Переход от детской памяти к памяти взрослого человека - это радикальный переход от образного и вневременного отображения прошлого к линейному и организованному во времени. У большинства взрослых людей воспоминания формируются в последовательном порядке и претерпевают ряд изменений со времени возникновения до приобретения в дальнейшем более постоянного характера. Только у отдельных людей в зрелом возрасте сохраняется эйдетическая память детства; развитие их памяти как бы приостанавливается, подобно тому как головастик иногда не может превратиться в лягушку. Мы восхищаемся способностями этих людей, возможно припоминая эйдетические образы собственного детства, но обычно не замечаем, какой ценой достается такой дар. Нас удивляют «ученые-идиоты», гениальные вычислители и профессиональные демонстраторы своих способностей, но никто не хотел бы разделить судьбу Шерешевского или Фунеса. Лучше уж подчиняться законам развития, определяющим переход в зрелое состояние.

Эту зависимость от времени можно продемонстрировать на примере одного из вариантов эксперимента по запоминанию чисел, описанного в предыдущей главе. Предъявите испытуемому, скажем, ряд из семи цифр в течение 30 секунд и через несколько минут попросите повторить их. Большинство людей без особого труда справится с этой задачей: очевидно, они запомнили цифры. Но если попросить их назвать те же цифры спустя примерно час, они скорее всего не смогут этого сделать, так как забыли их. Если же предупредить испытуемого, что предлагаемые цифры (например, семизначный телефонный номер) необходимо запомнить, то весьма вероятно, что он назовет их не только через час, но и спустя несколько дней.
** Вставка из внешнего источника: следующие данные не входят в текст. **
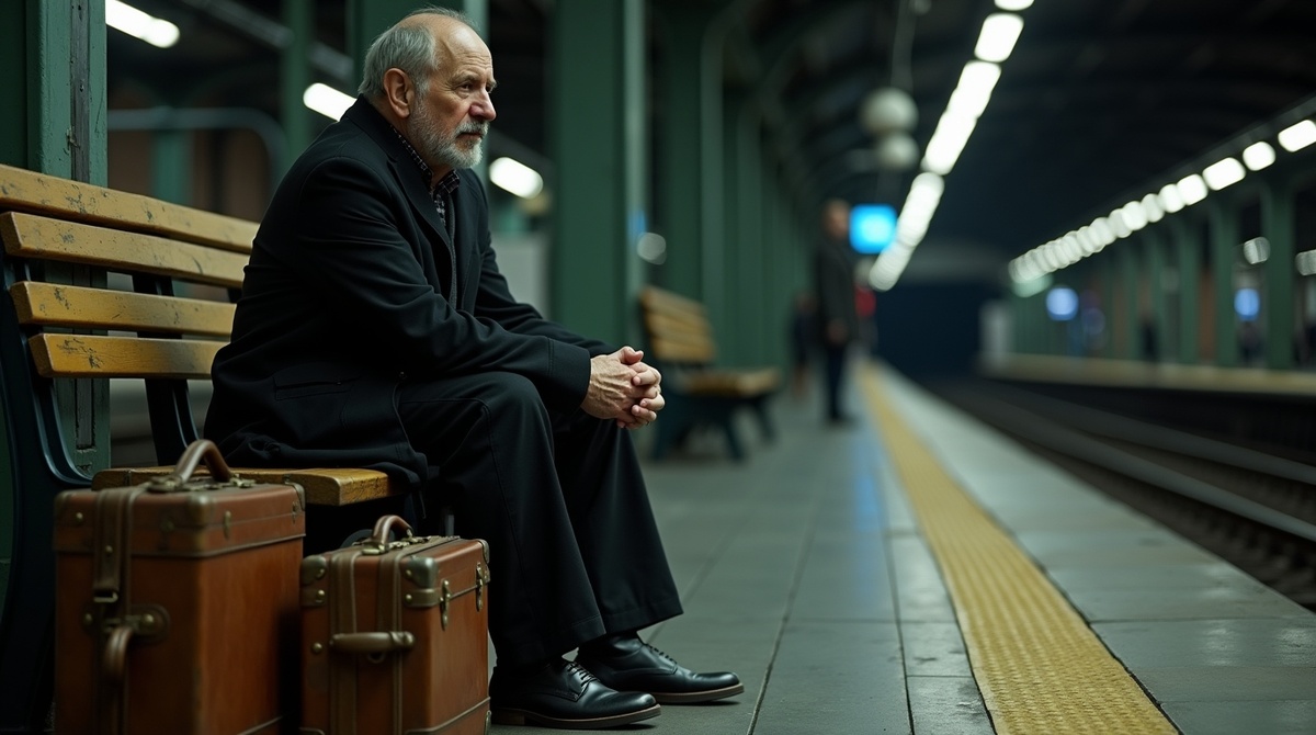 Поезд ушёл в тринадцать ноль-ноль, и на перроне сразу стало тише. Люди разбрелись по своим делам, оставив лишь редкие шаги и шелест газет на ветру. Ветер затих, и на мгновение показалось, что вокзал вымер. У старой скамейки у конца платформы сидел мужчина в тёмном пальто. Он не встал вместе со всеми, не пошёл к выходу, просто смотрел вперёд, будто ждал кого-то, а его портфель стоял у ног, словно тяжёлый якорь, не дававший ему сдвинуться. Марина заметила его ещё утром, когда пришла на вокзал пораньше, чтобы купить билет. Мужчина сидел так же — неподвижно, с портфелем у ног, и даже поза его не изменилась. Казалось, его и время не касалось: толпы менялись, вагоны приходили и уходили, а он оставался на месте, как статуя, вросшая в скамейку. К вечеру Марина вернулась. Её поезд задержали, и она снова прошла мимо той самой скамейки. Мужчина всё ещё был там, сидел так же неподвижно, и только плечи его чуть дрожали от сырости. На этот раз он поднял глаза и посмотрел прямо на неё. Взгляд был ст

Можно повысить точность наблюдений такого рода, прибегнув к опыту, который был популярен во времена, когда психологи еще не смотрели на биологов свысока. Изобретателем его был Герман Эббингауз, чья книга «Uber das Geddchtnis» («О памяти»), вышедшая в 1885 году, ознаменовала появление нового поколения психологов, которые отвергали излюбленные ранее приемы умозрительного мышления и самонаблюдения, пытаясь изучать психические процессы с помощью столь же точных количественных методов, которые уже давно применялись в физике и начали проникать в науки о жизни, в том числе и в физиологию.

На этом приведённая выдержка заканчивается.